By Friday morning, it was clear to everybody involved that First Republic had no option other than a government takeover, the people said. First Republic’s stock closed Friday down another 43 percent and continued falling in extended trading.
First Republic was worth just $650 million as of Friday afternoon, down from more than $20 billion before the March crisis, a reflection of investors’ realization that shareholders could be wiped out.
A sale to a larger bank would likely mean that all of First Republic’s deposits are protected since they would become accounts at the acquiring bank. That includes uninsured deposits, which stood at $50 billion at the end of March — a sum that includes the $30 billion from the 11 big banks.
By seeking to line up a buyer for First Republic before formally putting the bank into receivership, regulators appear to be hoping to avoid the tumult that characterized the fall of Silicon Valley Bank.
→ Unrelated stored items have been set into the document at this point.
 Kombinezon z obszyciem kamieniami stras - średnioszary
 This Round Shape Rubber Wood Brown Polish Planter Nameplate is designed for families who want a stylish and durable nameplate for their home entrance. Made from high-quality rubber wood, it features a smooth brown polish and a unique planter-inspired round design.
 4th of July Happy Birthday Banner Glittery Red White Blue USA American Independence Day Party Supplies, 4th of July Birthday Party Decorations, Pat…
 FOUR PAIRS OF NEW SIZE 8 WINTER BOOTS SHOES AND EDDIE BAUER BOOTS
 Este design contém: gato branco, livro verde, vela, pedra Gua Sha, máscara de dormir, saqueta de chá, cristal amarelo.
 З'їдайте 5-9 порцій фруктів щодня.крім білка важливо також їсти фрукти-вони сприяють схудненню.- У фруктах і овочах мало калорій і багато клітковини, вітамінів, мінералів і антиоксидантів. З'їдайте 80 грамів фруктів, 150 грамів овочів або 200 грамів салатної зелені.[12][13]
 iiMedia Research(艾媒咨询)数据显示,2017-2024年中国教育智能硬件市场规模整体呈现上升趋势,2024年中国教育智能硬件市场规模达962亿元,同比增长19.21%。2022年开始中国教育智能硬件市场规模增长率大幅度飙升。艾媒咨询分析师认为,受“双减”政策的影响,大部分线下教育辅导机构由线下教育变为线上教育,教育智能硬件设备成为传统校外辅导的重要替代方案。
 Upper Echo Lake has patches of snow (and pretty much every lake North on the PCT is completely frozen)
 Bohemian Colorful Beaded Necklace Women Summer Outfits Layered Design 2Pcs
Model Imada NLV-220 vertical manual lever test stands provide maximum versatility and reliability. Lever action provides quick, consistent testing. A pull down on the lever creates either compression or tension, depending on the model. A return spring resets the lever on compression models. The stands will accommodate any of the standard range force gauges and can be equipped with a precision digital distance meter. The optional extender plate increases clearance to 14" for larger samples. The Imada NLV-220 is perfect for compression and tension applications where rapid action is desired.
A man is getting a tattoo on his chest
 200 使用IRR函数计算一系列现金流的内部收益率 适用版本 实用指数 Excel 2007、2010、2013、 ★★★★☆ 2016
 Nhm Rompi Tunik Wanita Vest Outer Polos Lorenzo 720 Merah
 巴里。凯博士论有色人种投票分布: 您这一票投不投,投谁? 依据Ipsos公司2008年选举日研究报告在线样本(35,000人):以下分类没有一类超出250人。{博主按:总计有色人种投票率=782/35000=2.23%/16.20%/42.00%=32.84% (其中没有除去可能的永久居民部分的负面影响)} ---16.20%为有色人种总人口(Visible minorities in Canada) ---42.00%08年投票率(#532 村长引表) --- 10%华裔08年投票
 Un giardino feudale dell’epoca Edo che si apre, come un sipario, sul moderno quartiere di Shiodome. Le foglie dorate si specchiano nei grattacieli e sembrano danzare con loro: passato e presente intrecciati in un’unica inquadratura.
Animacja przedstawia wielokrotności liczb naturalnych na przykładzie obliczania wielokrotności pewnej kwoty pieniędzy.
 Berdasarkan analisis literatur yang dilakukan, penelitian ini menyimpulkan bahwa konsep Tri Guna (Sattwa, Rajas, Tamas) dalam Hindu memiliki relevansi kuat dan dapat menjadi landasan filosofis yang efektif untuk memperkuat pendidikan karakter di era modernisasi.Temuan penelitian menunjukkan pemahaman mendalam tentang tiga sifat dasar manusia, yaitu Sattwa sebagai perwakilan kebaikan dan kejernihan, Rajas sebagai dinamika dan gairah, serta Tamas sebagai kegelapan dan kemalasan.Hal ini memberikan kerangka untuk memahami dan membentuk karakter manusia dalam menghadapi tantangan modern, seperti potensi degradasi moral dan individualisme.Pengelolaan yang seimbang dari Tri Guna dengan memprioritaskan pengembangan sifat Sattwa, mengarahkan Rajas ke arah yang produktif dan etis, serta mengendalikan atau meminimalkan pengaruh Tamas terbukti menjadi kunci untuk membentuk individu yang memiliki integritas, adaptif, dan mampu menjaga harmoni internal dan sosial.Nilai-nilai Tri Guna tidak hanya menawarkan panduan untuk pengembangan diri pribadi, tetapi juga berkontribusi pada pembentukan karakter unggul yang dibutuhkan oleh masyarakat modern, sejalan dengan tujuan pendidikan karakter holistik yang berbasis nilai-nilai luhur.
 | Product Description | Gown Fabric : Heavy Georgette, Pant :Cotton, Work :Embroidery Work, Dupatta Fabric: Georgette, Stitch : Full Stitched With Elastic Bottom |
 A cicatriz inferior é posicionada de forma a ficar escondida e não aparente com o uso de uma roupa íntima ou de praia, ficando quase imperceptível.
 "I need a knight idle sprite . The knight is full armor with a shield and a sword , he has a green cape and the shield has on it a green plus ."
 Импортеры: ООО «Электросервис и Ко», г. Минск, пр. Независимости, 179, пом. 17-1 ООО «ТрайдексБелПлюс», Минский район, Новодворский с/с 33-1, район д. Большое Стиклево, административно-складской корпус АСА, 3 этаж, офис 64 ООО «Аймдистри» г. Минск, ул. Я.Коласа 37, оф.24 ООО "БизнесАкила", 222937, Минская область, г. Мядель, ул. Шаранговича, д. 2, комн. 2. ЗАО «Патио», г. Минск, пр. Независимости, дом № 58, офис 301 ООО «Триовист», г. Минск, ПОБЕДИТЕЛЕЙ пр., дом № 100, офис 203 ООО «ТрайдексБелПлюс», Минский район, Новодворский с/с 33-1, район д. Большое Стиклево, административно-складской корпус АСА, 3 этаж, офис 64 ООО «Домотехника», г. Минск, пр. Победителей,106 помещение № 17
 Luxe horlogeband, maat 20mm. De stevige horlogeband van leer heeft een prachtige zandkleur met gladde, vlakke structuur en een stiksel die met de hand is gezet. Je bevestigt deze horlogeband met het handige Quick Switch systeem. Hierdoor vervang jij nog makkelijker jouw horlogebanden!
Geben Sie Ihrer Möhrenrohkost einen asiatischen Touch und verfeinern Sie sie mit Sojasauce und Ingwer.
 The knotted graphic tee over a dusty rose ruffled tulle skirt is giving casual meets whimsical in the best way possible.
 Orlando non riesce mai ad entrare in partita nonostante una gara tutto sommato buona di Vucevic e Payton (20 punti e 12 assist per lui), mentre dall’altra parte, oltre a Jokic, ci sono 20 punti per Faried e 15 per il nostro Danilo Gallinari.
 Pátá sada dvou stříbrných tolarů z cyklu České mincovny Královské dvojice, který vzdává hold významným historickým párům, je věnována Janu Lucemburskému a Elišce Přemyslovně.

It took several weeks for government officials to sell that bank’s remnants to First Citizens BancShares, in a deal that included about $72 billion in loans at a deeply discounted price.
And the government appeared to be learning from the fall of Silicon Valley Bank in another way: The information it provided on First Republic’s financial situation to potential buyers was much more detailed than what it provided in the case of Silicon Valley Bank, according to one of the people familiar with the matter. Government officials spent additional time putting together a more cleaned-up set of facts that mapped out the bank’s relationships and risks.
The government prefers to find a buyer for a failed bank as quickly as possible to minimize potential losses to the government’s deposit insurance fund. The longer it takes to find a buyer, the more likely that customers and employees will abandon a failed bank, leaving behind a rapidly withering business.
PNC, one of the country’s largest regional banks that is based in Pittsburgh, had previously considered buying First Republic. But PNC couldn’t make a deal work because it would have to take on large losses from First Republic’s relatively low-rate home mortgages and other loans, according to one of the people. The challenges of accounting for First Republic’s loans put off other potential buyers, too.
JPMorgan’s chief executive, Jamie Dimon, was a key architect of the plan to inject $30 billion into First Republic Bank. During the 2008 financial crisis, Dimon led the rescue of two banks — Bear Stearns and Washington Mutual.